For starters, he was an attorney general nearly forty years ago, during the Johnson administration! That's like calling Jimmy Carter "the former president." It leaves out a lot -- a whole lot that's more relevant than one job decades ago.
You can read a pretty dry biography here. You'll note that during his government time he was pretty active in increasing and consolidating Federal power, and he wasn't a friend of the Second Amendment, either. He was, to his credit, instrumental in civil rights reforms.
Johnson, however, found him to be too timid, for all his leftyness. And in the presidential campaign of '68, when Nixon ran on the "hard on crime" Southern strategy, Clark was so far to the left of Nixon he was an easy target. It helped Nixon to get elected and put Clark out of favor with Johnson. He left government shortly afterwards.

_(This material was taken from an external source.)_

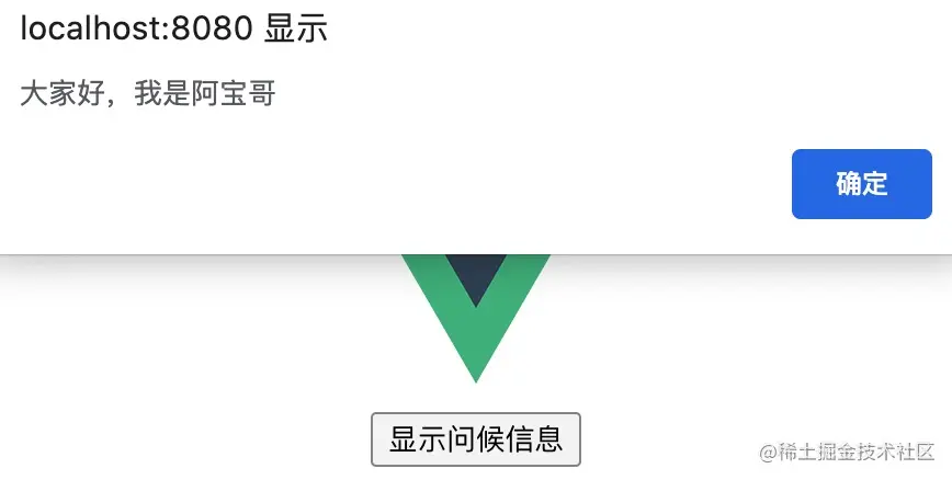 在 Vue 中我们可以通过创建 EventBus 来实现组件间或模块间的消息通信,使用方式很简单。在下图中包含两个 Vue 组件:Greet 和 Alert 组件。Alert 组件用于显示消息,而 Greet 组件中包含一个按钮,即下图中 ”显示问候消息“ 的按钮。当用户点击按钮时,Greet 组件会通过 EventBus 把消息传递给 Alert 组件,该组件接收到消息后,会调用 alert 方法把收到的消息显示出来。
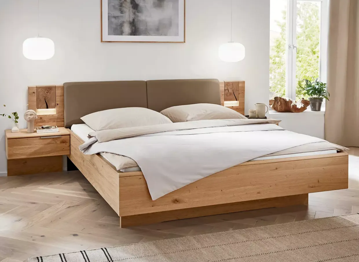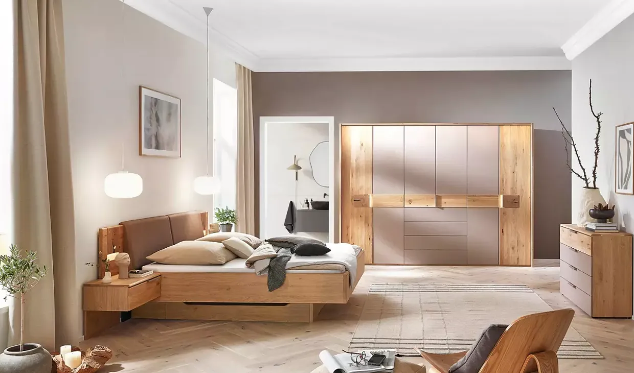 Jedes Detail wurde sorgfältig ausgewählt, um sowohl Ästhetik als auch Funktion zu vereinen. Die Natur als Inspirationsquelle spiegelt sich in der Materialwahl wider, wobei Holz den zentralen Bestandteil bildet. Es strahlt Wärme und Beständigkeit aus, Eigenschaften, die in jedem Element des Schlafzimmers zu spüren sind.

As I said, it's the years since then that really tell the tale. The Washington Post wrote a pretty in-depth feature article on him last year, which you can read here. It's worth the time, but here are the money 'graphs:
These days, for instance, Clark, 74, serves as a lawyer for Slobodan Milosevic, the former Yugoslav dictator now on trial for war crimes at an International Criminal Tribunal in Holland. Clark is also defending Elizaphan Ntakirutimana, a Rwandan clergyman charged with genocide in connection with the massacre of Tutsis in 1994.Pretty astonishing stuff, yes? It certainly changes your perception of the man, casting him in a decidedly less flattering light than "former U. S. Attorney General" does.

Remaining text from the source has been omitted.